Critical numbers

**XIII13Thirteen** · April 8th 2008, 11:10 AM

Need a bit of help

Determine

a.) All the critical numbers

b.) all relative extrema

$y(x)=(x-1)e^{2x}$

I'm thinking my derivative is ...

$2*(x-1)*(1)*e^{2x}$

Multiple choice:

a.){ $\frac{1}{2}$ ,max}

b.){0,min}

c.) { $\frac{1}{2}$ , min}

d.) none of these

I'm thinking it is $\frac{1}{2}$ min

**Jhevon** · April 8th 2008, 11:13 AM

Originally Posted by XIII13Thirteen

Need a bit of help

Determine

a.) All the critical numbers

b.) all relative extrema

$y(x)=(x-1)e^{2x}$

I'm thinking my derivative is ...

$2*(x-1)*(1)*e^{2x}$

Multiple choice:

a.){ $\frac{1}{2}$ ,max}

b.){0,min}

c.) { $\frac{1}{2}$ , min}

d.) none of these

I'm thinking it is $\frac{1}{2}$ min

you derivative is wrong. you need the product rule here.

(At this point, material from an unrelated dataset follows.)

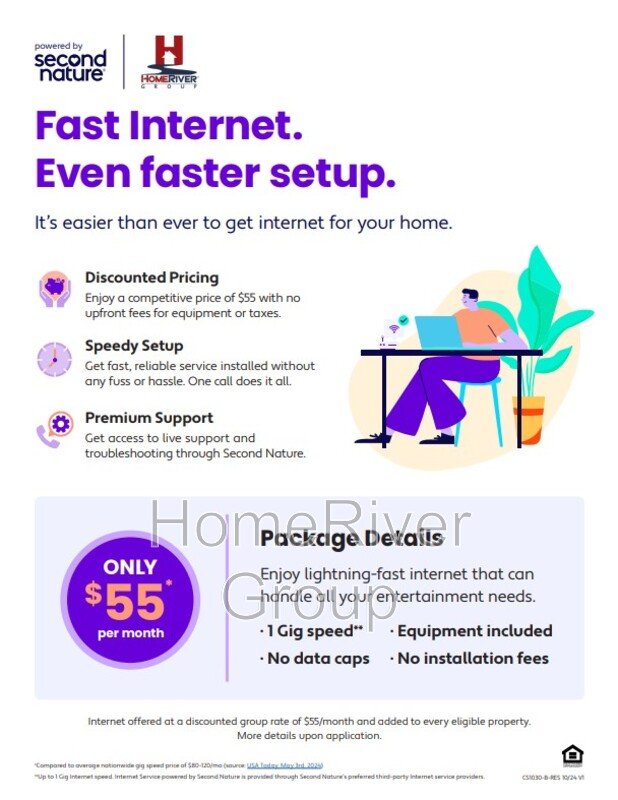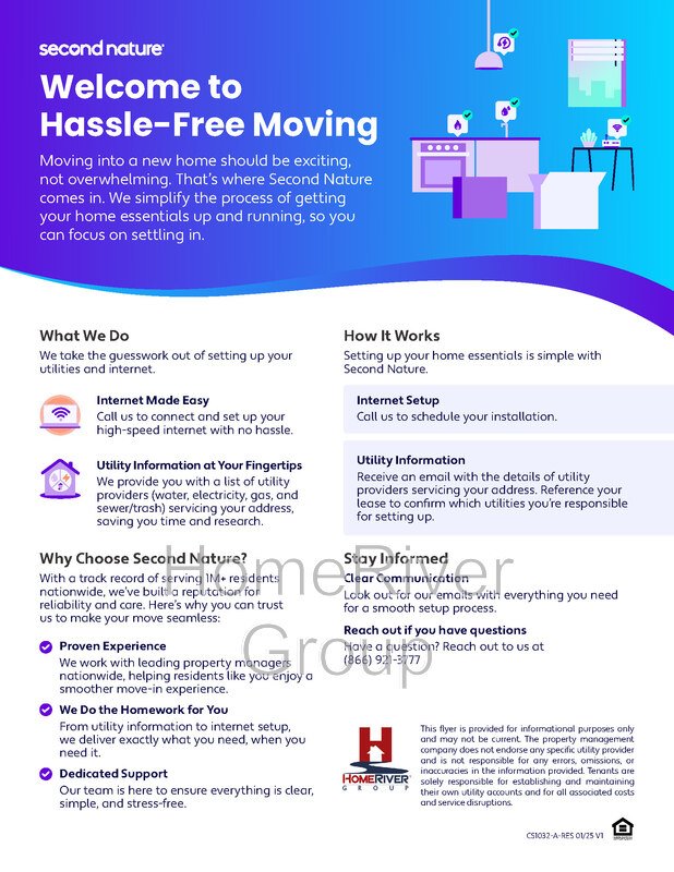*The estimated total monthly leasing price does not include utilities or optional/conditional fees, such as: pet, utility service, and security deposit waiver fees. Our Resident Benefits Package includes required Renters Insurance, Utility Service Set-Up, Identity Theft Protection, Resident Rewards, HVAC air filter delivery (where applicable), and Credit Building, all at the additional monthly cost shown above. To learn more about additional leasing fees and requirements, please contact HomeRiver Group at 833-774-6323.

**XIII13Thirteen** · April 8th 2008, 11:16 AM

$(x-1)2e^{2x}+(1)e^{2x}$ ?

**Moo** · April 8th 2008, 11:20 AM

Hello,

Yes, it's it

$(x-1)2e^{2x}+(1)e^{2x}=e^{2x}(2x-2+1)=e^{2x}(2x-1)$

**Jhevon** · April 8th 2008, 11:22 AM

Originally Posted by XIII13Thirteen

$(x-1)2e^{2x}+(1)e^{2x}$ ?

very good. and Moo was kind enough to factorize it for us. now set Moo's factorized form to zero and solve for your critical points.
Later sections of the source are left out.